If you judged his interests solely by the TV ads he appears in, you might believe H-E-B's Scott McClelland is nothing more than a sports buff whose only friends are JJ Watt and Craig Biggio. But you'd be wrong. We've seen the face of H-E-B Houston out and about at performing-arts events, so it seems he's as well-rounded as his trademark spectacles. That makes it a bit of a surprise he hasn't yet made a TV spot with one of Houston's music acts, and we'd recommend Nicole Starch. She's got a commercial-ready smile and vocal qualities that can sound soulful and raw or refined and striking as a Broadway belter. You can hear bits of both on black coffee & key lime pie (both also sold at H-E-B!), her 2014 album. Or, just come out to Nightingale Room July 12 to catch her set. If McClelland shows up, maybe he’ll bring his hall-of-fame athlete friends along to catch some of Starch’s tasty work.

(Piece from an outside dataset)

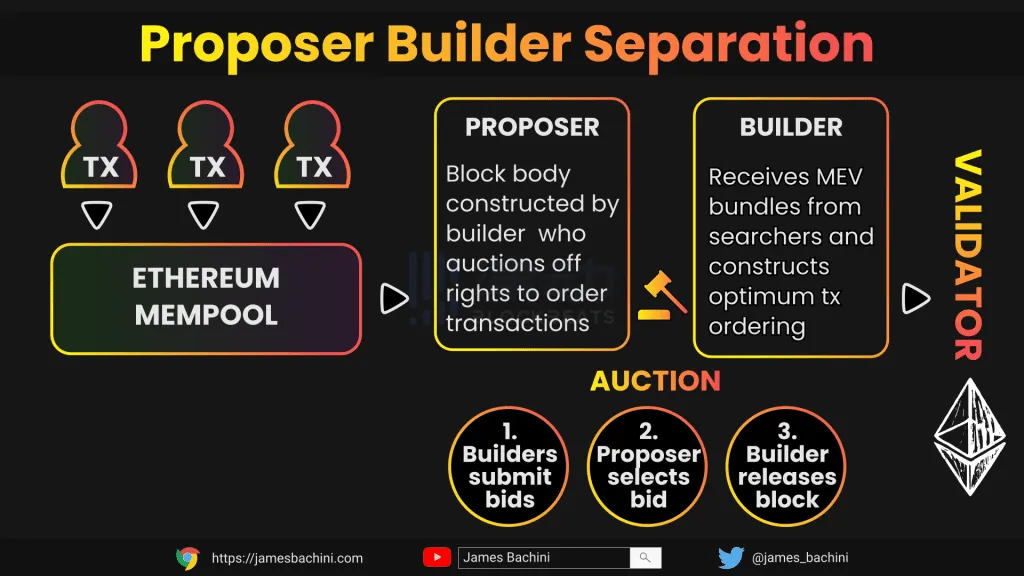 PBS,全称 Proposer-Builder Separation,即提案者-构建者分离,是区块链设计中一个重要的理念。它主要是指在链上治理中,将提案者和区块构建者的角色进行分离,提案者只负责提案,而将复杂的区块构建工作外包给专门的构建者完成。这种分工方式的初衷是为了降低参与共识的门槛,使网络更加去中心化。

On the surface it would seem Houston Garden Centers' Kim Hooper and indigenous metal act Maninkari have nothing at all in common. But you have to dig past the surface to the roots here to grasp the common ground. Hooper runs the family business and is its typical TV spokesperson, promoting an enterprise that is all about bringing more natural beauty to Houston. And Maninkari has the same objective — bringing more natural beauty to Houston. Only they do it as a four-piece djent act and are trying to grow beauty from within their listeners. The band formed in 2013, and its seedlings are songs with meaningful messages and heavy, energetic tones. How has this garden grown? Head over to Fitz tomorrow night to see for yourself, where the band is headlining a bill including The Earth As We Know It, Metanoia, So Soon, The Truth and Your Friendly Neighborhood Anarchists.

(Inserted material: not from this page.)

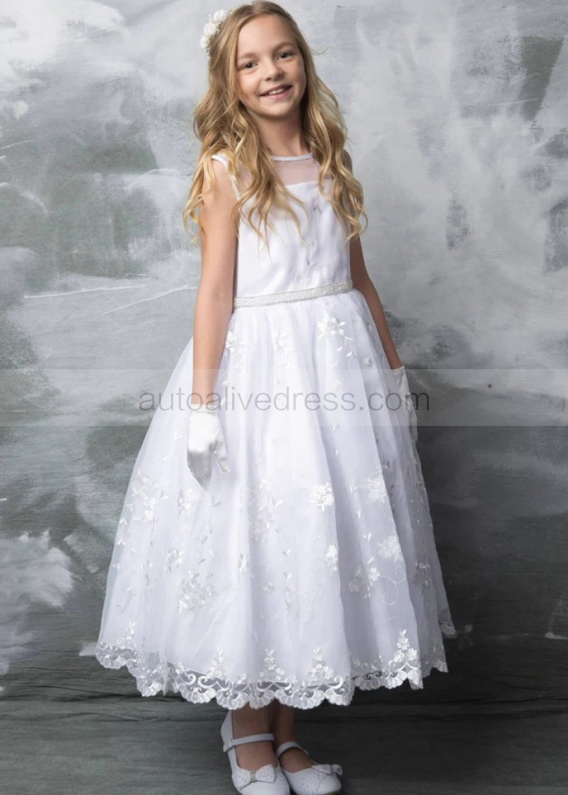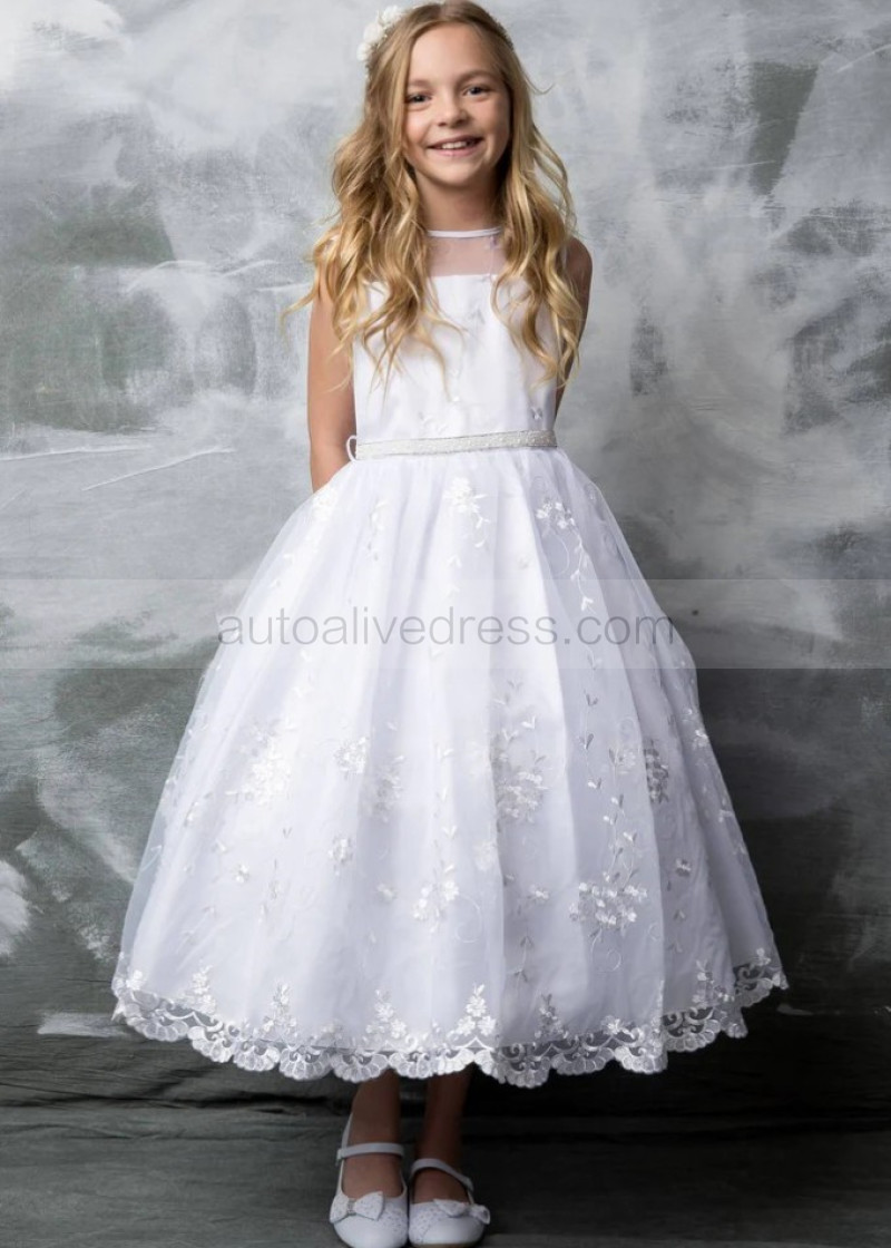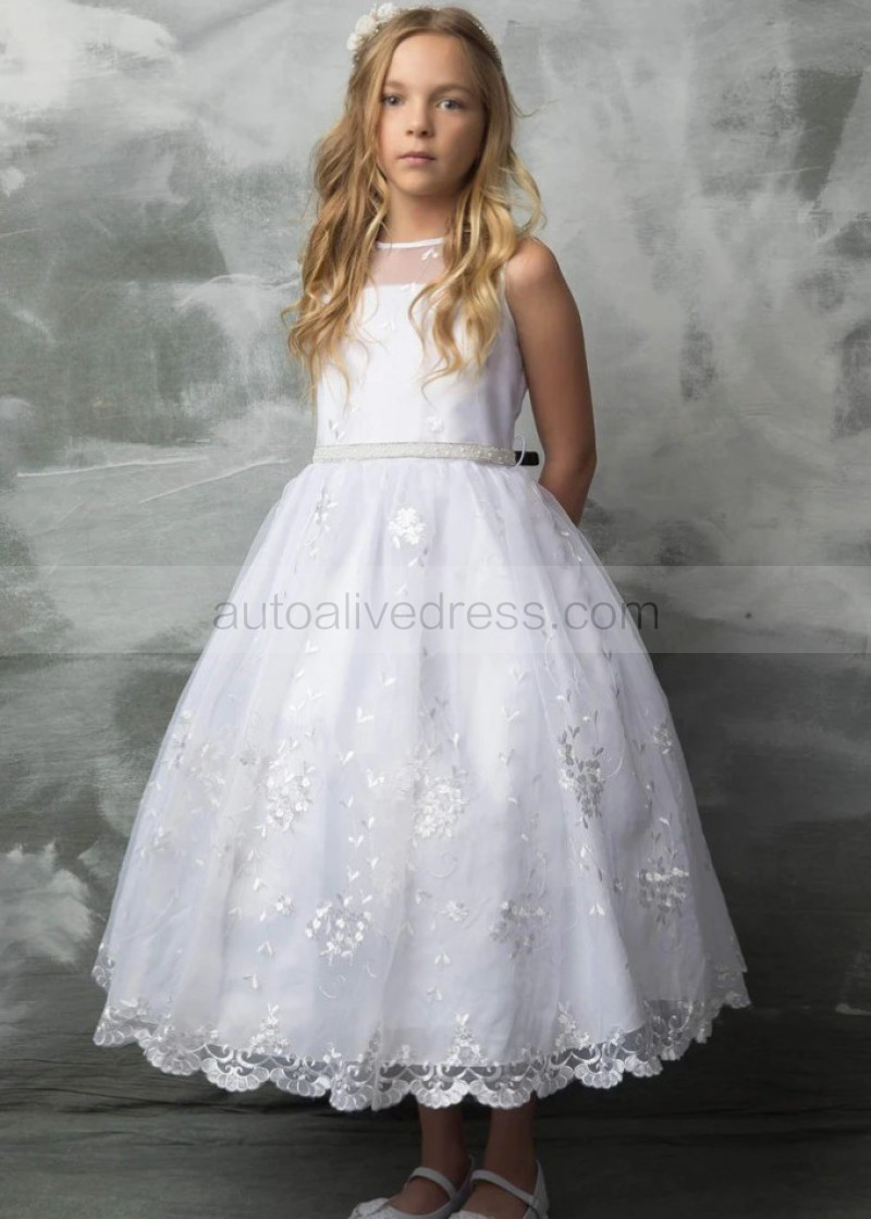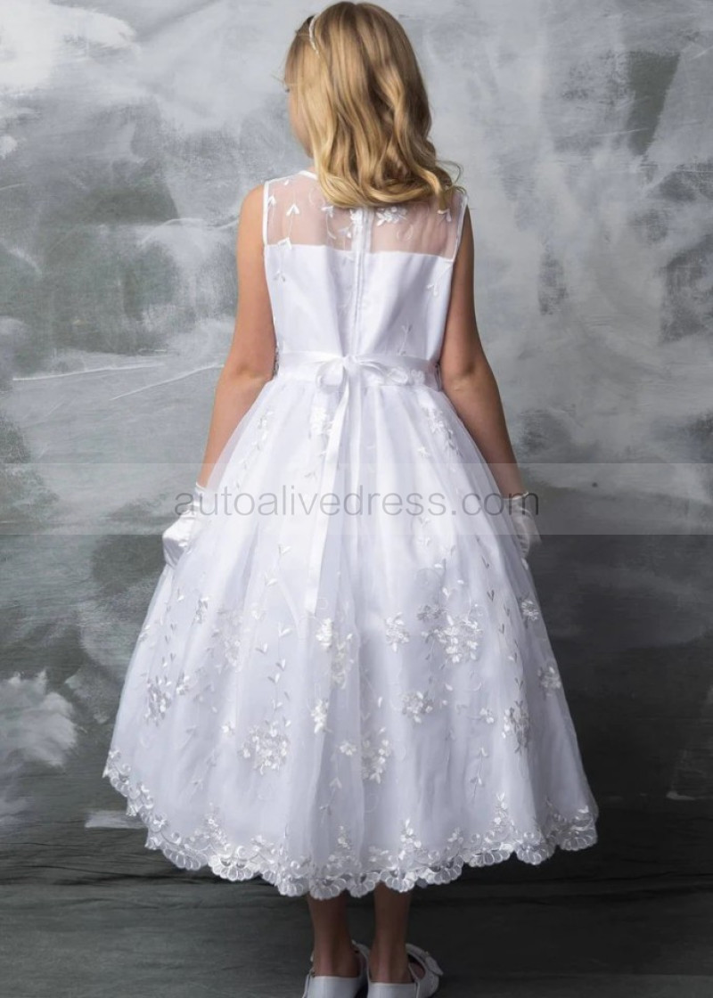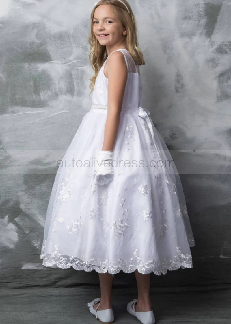 White Embroidered Organza Flower Girl Dress Communion Dress

Schlitterbahn hardly needs advertising these days, what with alligators and flesh-eating bacteria floating about the Gulf waters. Besides that, most folks who have had to suffer through even a few days of Houston heat have found their way to the park’s inviting waters and thrilling rides. But for the sake of this blog, let’s say the park's advertising budget has some cash lying around – it clearly should be spent on the Phantom Royals. The mysteriously masked men of surf-rock rose like a killer wave this spring, with a quartet of groovy instrumental demos on a Bandcamp page. We envision them laying down a tune Dick Dale would be proud of, a musical backdrop for images of the Schlitterbahn faithful splish-splashing to the beat. Until the day this fantasy ad airs, just head over to Voodoo Queen tonight and join the band’s “Surf Rock Party,” where beachwear is highly encouraged.